▶ _Task directions_
Find the line below with "Wild Oak Leaves" and the line with "Turn back the". Output them and the lines between, exactly, but not the pictures.

▶ _Data listing_

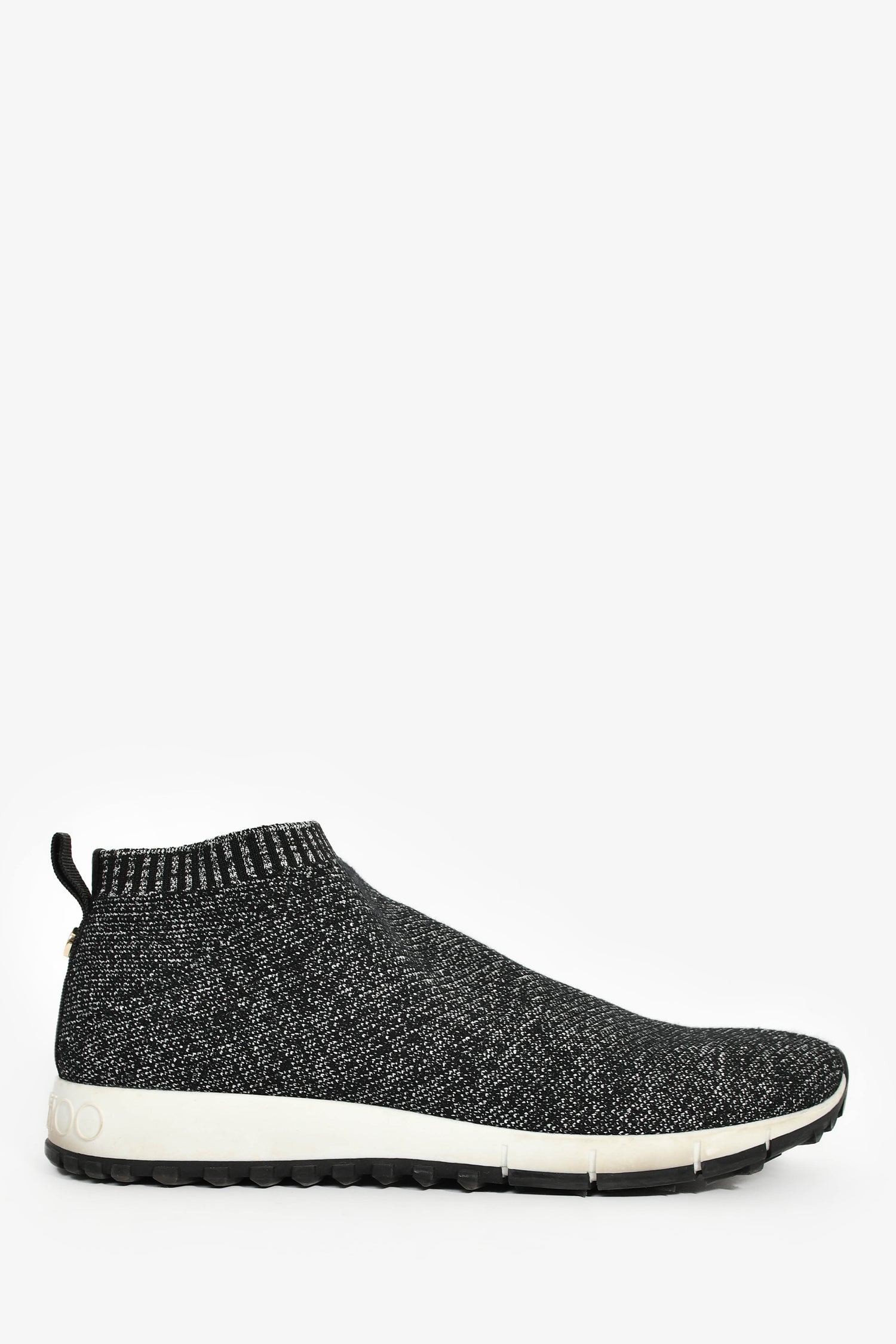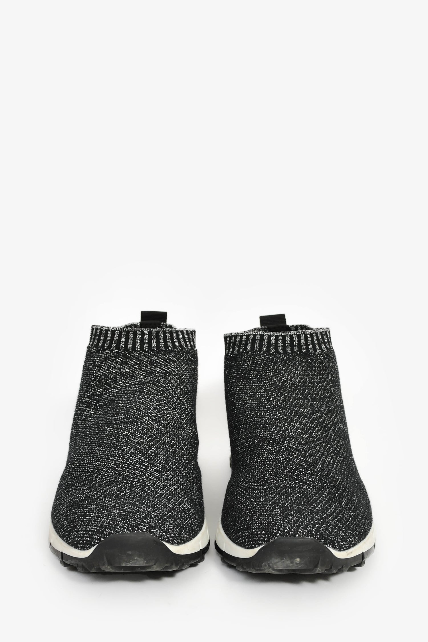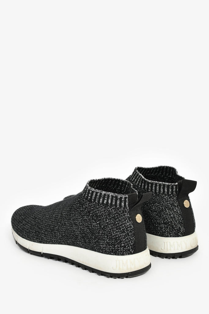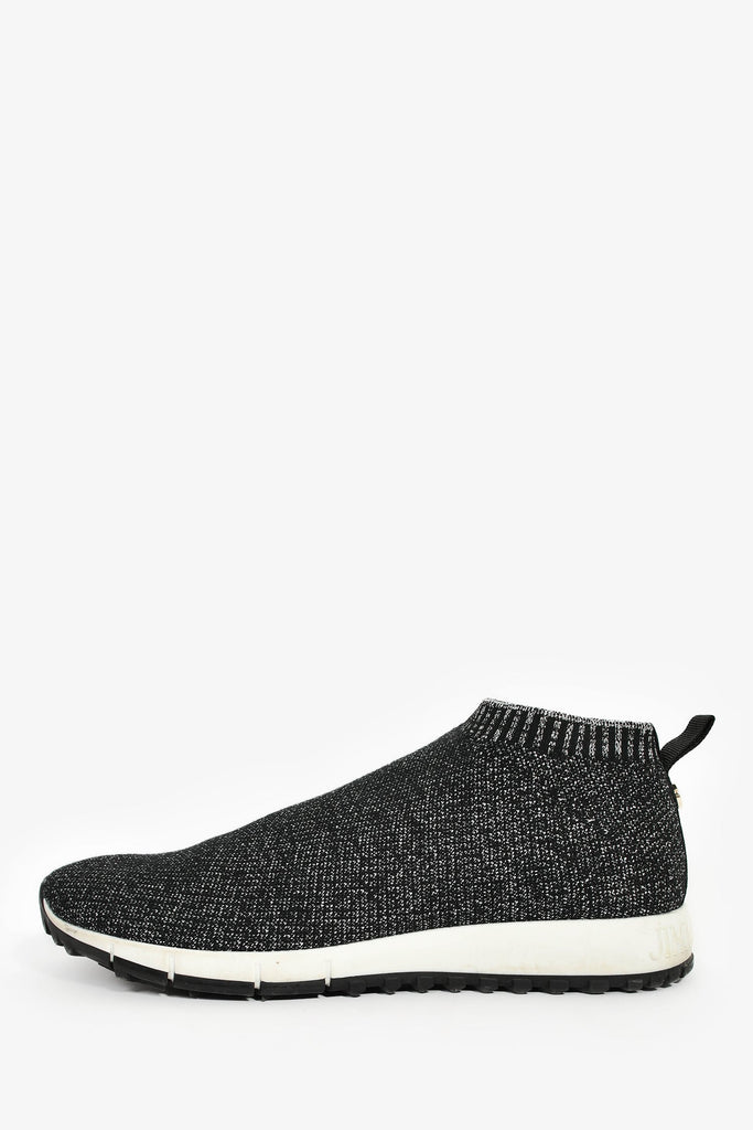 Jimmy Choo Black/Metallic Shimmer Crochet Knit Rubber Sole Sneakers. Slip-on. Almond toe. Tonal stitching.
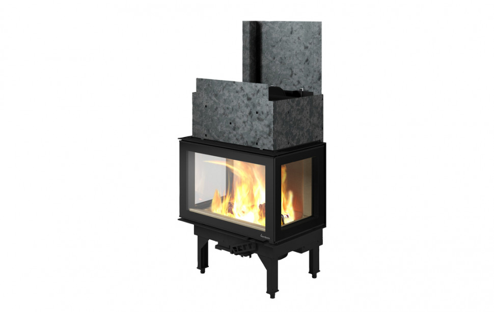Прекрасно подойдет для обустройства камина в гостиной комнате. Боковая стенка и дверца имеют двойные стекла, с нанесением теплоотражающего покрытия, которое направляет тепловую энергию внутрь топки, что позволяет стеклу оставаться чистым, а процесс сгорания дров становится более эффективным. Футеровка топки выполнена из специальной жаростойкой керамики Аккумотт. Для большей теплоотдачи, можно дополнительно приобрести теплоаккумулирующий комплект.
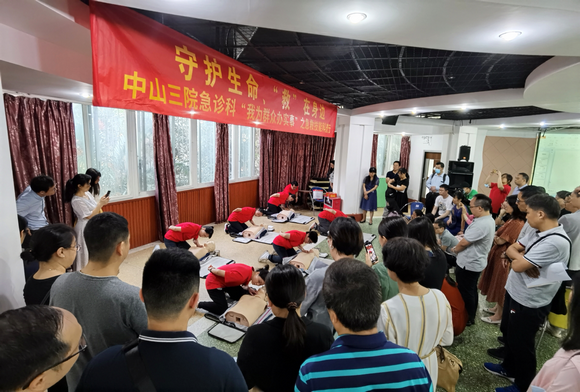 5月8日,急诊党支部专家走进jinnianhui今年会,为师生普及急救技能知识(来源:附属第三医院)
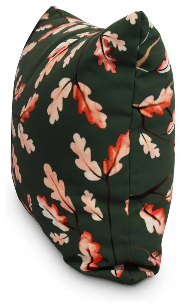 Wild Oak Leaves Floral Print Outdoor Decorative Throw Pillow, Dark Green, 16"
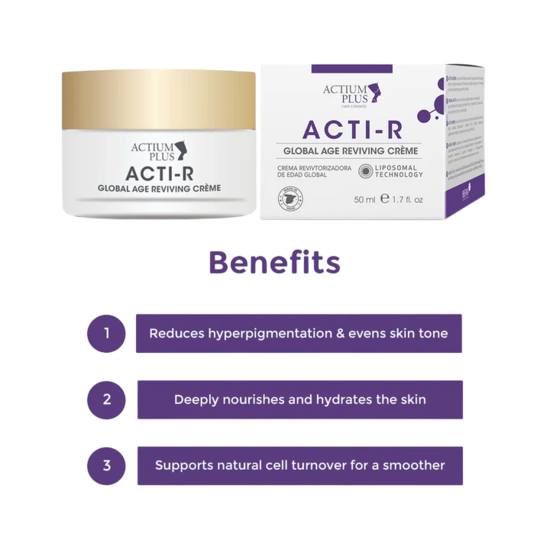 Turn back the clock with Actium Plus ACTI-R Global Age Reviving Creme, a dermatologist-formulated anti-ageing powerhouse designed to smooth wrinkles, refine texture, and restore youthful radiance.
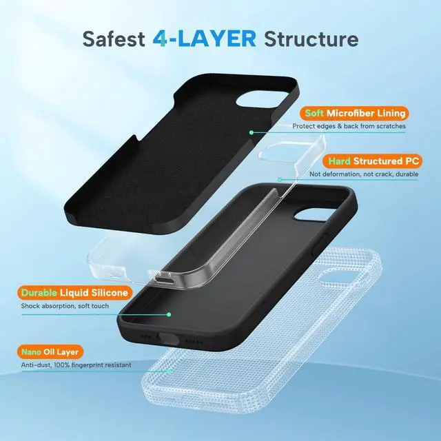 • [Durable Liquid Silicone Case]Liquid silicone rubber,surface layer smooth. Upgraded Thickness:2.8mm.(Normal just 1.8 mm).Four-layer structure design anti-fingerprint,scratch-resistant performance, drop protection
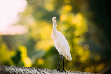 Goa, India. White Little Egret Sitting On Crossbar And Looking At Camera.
...
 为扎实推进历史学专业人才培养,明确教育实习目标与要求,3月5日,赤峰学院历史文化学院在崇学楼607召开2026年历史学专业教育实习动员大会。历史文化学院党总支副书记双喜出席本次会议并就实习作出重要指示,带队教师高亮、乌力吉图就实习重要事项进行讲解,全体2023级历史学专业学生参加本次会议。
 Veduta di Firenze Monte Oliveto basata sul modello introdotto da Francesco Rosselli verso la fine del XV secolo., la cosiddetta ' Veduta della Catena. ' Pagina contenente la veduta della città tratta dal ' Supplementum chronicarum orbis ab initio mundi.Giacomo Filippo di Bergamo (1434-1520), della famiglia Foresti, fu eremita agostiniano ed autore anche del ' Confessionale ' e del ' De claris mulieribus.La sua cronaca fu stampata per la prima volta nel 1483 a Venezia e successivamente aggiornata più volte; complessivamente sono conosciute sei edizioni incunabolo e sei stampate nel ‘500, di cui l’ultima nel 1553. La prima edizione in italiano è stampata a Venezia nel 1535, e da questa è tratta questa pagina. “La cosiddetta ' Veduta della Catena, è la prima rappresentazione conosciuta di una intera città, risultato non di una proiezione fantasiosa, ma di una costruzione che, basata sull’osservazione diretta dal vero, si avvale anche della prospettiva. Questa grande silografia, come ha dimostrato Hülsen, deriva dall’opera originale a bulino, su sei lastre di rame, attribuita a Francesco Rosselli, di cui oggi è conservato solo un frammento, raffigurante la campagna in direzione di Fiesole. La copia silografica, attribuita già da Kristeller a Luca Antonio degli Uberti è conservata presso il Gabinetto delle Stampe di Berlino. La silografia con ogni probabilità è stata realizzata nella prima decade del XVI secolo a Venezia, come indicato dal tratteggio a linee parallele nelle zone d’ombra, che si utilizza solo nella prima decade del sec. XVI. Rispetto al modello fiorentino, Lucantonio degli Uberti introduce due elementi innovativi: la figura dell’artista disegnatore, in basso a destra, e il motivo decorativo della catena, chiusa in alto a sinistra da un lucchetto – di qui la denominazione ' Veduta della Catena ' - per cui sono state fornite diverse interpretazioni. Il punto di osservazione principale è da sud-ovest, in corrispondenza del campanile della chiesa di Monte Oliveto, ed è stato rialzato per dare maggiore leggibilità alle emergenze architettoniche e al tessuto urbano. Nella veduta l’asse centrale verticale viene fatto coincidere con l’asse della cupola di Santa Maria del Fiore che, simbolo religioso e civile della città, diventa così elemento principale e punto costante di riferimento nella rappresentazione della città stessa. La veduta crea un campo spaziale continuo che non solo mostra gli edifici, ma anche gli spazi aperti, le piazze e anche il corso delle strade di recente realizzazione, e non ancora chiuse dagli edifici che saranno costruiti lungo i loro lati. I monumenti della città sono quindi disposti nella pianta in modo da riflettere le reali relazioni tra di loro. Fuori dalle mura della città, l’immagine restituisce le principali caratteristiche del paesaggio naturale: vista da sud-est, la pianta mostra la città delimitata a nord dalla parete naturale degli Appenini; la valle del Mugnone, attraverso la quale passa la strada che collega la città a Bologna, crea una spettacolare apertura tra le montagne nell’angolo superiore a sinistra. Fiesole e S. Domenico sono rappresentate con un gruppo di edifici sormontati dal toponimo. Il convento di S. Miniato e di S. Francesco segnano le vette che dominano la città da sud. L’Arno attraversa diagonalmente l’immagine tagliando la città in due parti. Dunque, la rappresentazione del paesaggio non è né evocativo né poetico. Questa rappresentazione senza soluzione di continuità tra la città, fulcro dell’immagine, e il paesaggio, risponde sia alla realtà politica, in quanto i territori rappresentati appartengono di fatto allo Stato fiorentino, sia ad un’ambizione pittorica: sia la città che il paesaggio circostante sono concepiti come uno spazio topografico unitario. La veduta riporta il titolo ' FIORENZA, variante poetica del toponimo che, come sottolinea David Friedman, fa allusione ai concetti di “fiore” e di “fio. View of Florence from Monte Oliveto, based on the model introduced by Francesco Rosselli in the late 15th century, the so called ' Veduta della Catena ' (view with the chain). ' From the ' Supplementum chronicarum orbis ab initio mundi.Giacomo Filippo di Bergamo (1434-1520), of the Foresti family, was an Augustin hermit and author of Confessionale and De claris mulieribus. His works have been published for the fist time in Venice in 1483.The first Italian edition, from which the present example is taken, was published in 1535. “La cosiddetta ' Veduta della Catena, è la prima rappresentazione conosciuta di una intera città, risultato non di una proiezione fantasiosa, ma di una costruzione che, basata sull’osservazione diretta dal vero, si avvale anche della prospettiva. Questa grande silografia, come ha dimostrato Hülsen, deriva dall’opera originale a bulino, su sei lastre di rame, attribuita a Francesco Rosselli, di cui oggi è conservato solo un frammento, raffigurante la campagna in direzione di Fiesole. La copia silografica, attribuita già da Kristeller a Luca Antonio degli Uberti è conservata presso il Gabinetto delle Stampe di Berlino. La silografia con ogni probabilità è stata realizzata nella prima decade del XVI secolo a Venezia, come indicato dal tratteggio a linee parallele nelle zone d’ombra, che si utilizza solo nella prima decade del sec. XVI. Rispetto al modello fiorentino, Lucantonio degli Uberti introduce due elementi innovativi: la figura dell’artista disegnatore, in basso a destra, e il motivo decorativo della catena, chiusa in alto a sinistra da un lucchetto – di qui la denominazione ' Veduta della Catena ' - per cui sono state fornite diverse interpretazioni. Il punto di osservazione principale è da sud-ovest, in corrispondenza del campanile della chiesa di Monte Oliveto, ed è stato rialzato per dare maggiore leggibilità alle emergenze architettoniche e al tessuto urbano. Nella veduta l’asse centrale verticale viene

▶ _Output for this exercise_
 Wild Oak Leaves Floral Print Outdoor Decorative Throw Pillow, Dark Green, 16"
 Turn back the clock with Actium Plus ACTI-R Global Age Reviving Creme, a dermatologist-formulated anti-ageing powerhouse designed to smooth wrinkles, refine texture, and restore youthful radiance.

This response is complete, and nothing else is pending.